Viewers asked the Federal Communications Commission to revoke licenses from CNN, Fox News, and MSNBC — except the FCC doesn't issue licenses to networks.

With their caps lock buttons in overdrive and using moderate regard for punctuation, a fiery fleet of political keyboard warriors typed out their frustrations with cable news coverage of the presidential election in hundreds of new complaints to the Federal Communications Commission.

WFAA obtained 594 pages of complaints made by people alleging cable news networks, such as CNN, Fox News and MSNBC, "intentionally lied to the common citizen," created "public fear," and attempted to "manipulate the election" results while covering President Donald Trump and Democratic presidential nominee-turned-President-elect Joe Biden.

The most complaints to the FCC came from viewers upset about cable networks projecting that Biden would win the election and then after, referred to the former VP as president-elect.

Credit: WFAA
This is an example of one of the nearly 600 complaints sent to the FCC by people watching cable news coverage of the presidential election in November. Many of the complaints contained misinformation, especially those critical of cable networks referring to Joe Biden as president-elect.

"Fox News is willingly disseminating false news that Joe Biden is president-elect. The media has no authority to make such a claim," wrote one viewer from Headland, Ala.

Historically, it has been the practice of media outlets to refer to the projected winner of the presidential election as "president-elect" even prior to the official electoral college vote in December.

President-elect Joe Biden's name appears in complaints 636 times, including if the viewer wrote his name in the subject line of his or her complaint.

President Trump's name appeared only 112 times, with the same subject line caveat.

The complaints, made between Nov. 1 and Nov. 12, hit a variety of topics in addition to the issue of "president-elect," including "fake news," a term Trump has used repeatedly to describe coverage that is critical of his administration.

A viewer from Wharton, Texas, wrote to the FCC calling out networks like Fox News, CNN, MSNBC, and ABC, saying, "The false news being spread, and factual news being censored, will likely lead to widespread chaos and violence. They have moved from journalism to opinionism, and are no longer reporting unbiased truth."

Credit: WFAA
This complaint to the FCC came from a viewer in Cheyenne, Wyoming.

A Puyallup, Wash., viewer made a similar complaint.

"Fox News is inciting misinformation and fanning the flames of madness," the viewer wrote.

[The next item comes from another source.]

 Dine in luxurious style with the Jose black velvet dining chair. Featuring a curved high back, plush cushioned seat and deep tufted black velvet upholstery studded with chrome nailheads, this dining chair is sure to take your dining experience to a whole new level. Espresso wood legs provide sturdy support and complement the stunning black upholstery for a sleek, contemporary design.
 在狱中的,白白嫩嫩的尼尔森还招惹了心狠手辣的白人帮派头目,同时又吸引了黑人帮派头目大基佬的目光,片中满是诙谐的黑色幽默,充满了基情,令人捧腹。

While there has not been any evidence of "widespread chaos" or even "madness," some viewers took offense to networks airing coverage of large crowds rallying after election day.

"Quit zooming in on offensive signs," wrote one Fox News viewer in a complaint to the FCC.

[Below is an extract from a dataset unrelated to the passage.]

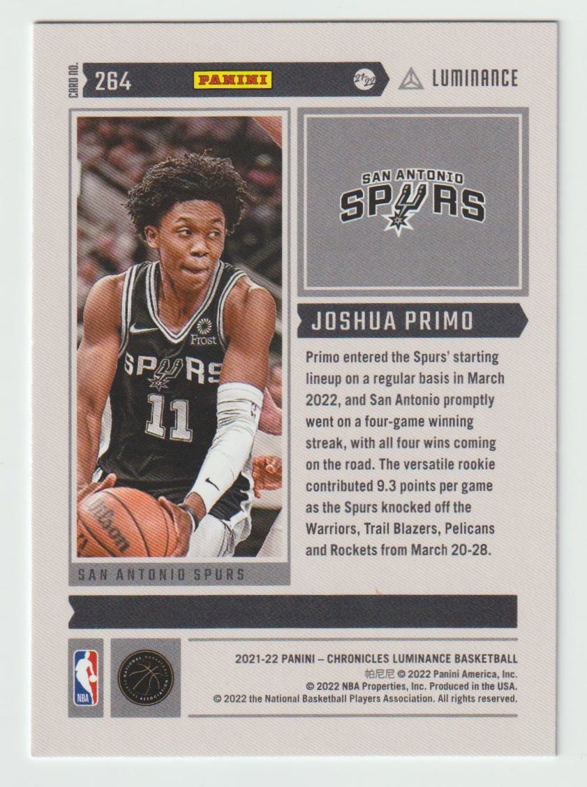 264 Joshua Primo - San Antonio Spurs 2021/22 Chronicles Basketball

The FCC also received complaints about President Trump's administration.

A complaint from Denmark, Wis., came from a viewer watching Fox News read, "[Press Secretary] Kayleigh Mcenany [sic] is advocating for the overthrow of the US Government and encouraging the public to follow."

Most of the complaints came from viewers in California and Florida, with more than 60 complaints coming from each state. More than 50 complaints came from Texas.

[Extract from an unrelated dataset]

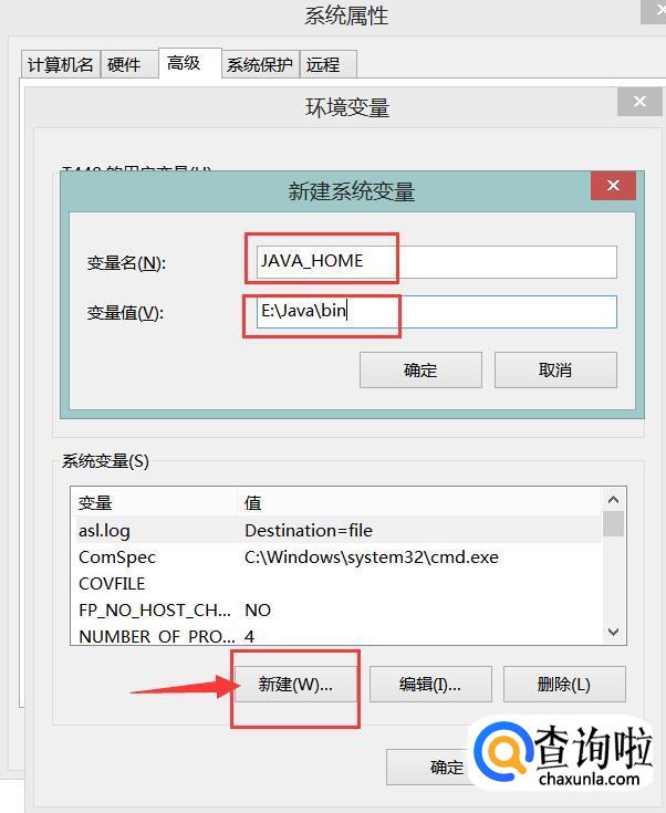 在上面第18个步骤的时候点击下面的“新建”,然后在新弹出的对话框里把变量名文本框输入:“JAVA_HOME”,变量值文本框输入JDK的安装路径,然后点击确定,如下图所示。

Viewers in Rhode Island apparently weren't bothered enough by the election coverage because no one from that state filed a formal complaint.

As penalty for their alleged wrongdoing, viewers demanded cable networks either retract their statements or be forced to lose their broadcast license. 

"Ideally a cease and desist order and correction of these lies in an amount equal to or more than the amount of airtime given to the lie. If this order is refused, their license should be revoked," wrote one viewer from Sanford, Fla., who was upset about the term 'President-elect Biden."

However, cable channels don't have broadcast licenses.

Though the FCC regulates some technical aspects of cable news, it does not issue broadcast licenses to television networks.

On its website, the FCC describes its authority to investigate claims about broadcast journalism.

"The FCC's authority to respond to these complaints is narrow in scope, and the agency is prohibited by law from engaging in censorship or infringing on First Amendment rights of the press. Moreover, the FCC cannot interfere with a broadcaster's selection and presentation of news or commentary."

Even so, WFAA asked the FCC whether it would investigate any of the complaints about cable news coverage of the election.

In an email, the FCC said, "The Enforcement Bureau does not discuss any enforcement items or what they are or are not investigating until the full Commission has approved/reviewed."